BUCKLAND RIVER HYDRAULIC GOLD SLUICING PADDOCK SOHE 2008
Statement of Significance
Last updated on - May 11, 1999
The Buckland River Hydraulic Gold Sluicing Paddock consists of an area about 100 metres by 50 metres containing a small sluiced open cut, pebble dumps and a tail race. Water for sluicing would have been delivered to the site by a high pressure pipeline from higher up the river and then directed at the gold bearing deposits above the river. The technology was introduced into Victoria in about 1855 and this particular site, which is one of several along the Buckland River, probably dates from the mid 1860s.

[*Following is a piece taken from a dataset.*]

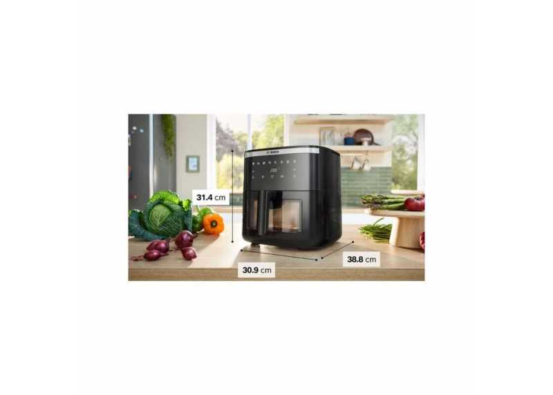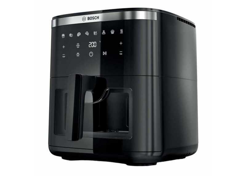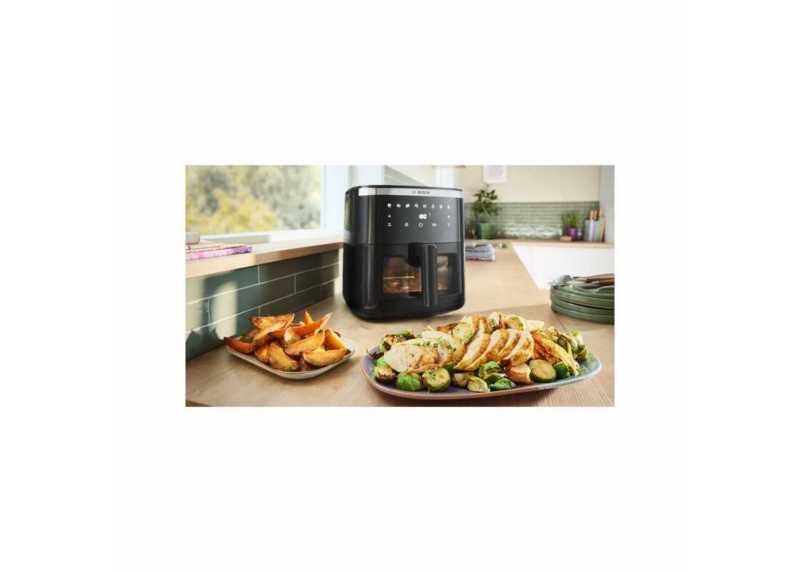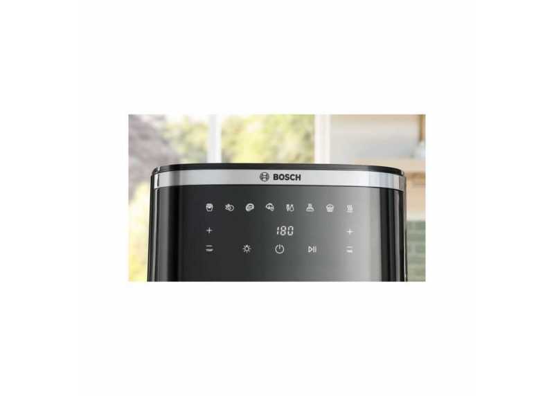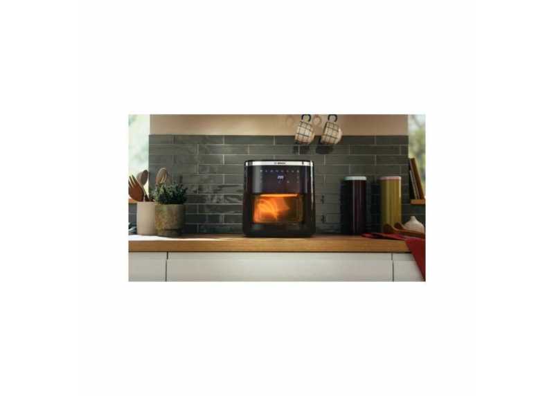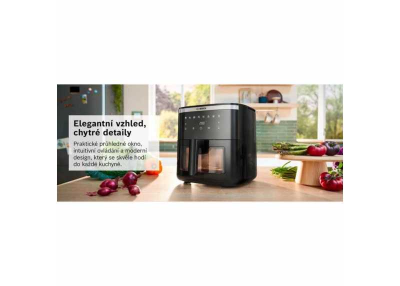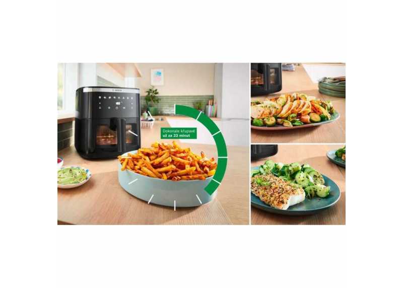 Horkovzdušná fritéza Bosch Serie 6 MAF671B0, příkon 1800 W, objem 7,2 l až pro 5 porcí, dotykový displej, regulace 40–200 °C, 8 programů, průhledné okénko s osvětlením, Shake alarm, nepřilnavý koš, bez nutnosti předehřívání, snadná údržba a zdravé smažení s minimem oleje.

The Buckland River Hydraulic Gold Sluicing Paddock is of historical, archaeological and scientific importance to the State of Victoria.
The Buckland River Hydraulic Gold Sluicing Paddock is historically and scientifically important as a characteristic and well preserved example of an early form of gold mining. Gold mining sites are of crucial importance for the pivotal role they have played since 1851 in the development of Victoria. Hydraulic sluicing of alluvial gold deposits is an important key ingredient in an understanding of gold mining technology as it was employed in country where water was plentiful and perennial.
The Buckland River Hydraulic Gold Sluicing Paddock is archaeologically important for its potential to yield artefacts and evidence which will be able to provide significant information about the cultural history of gold mining and the gold seekers themselves.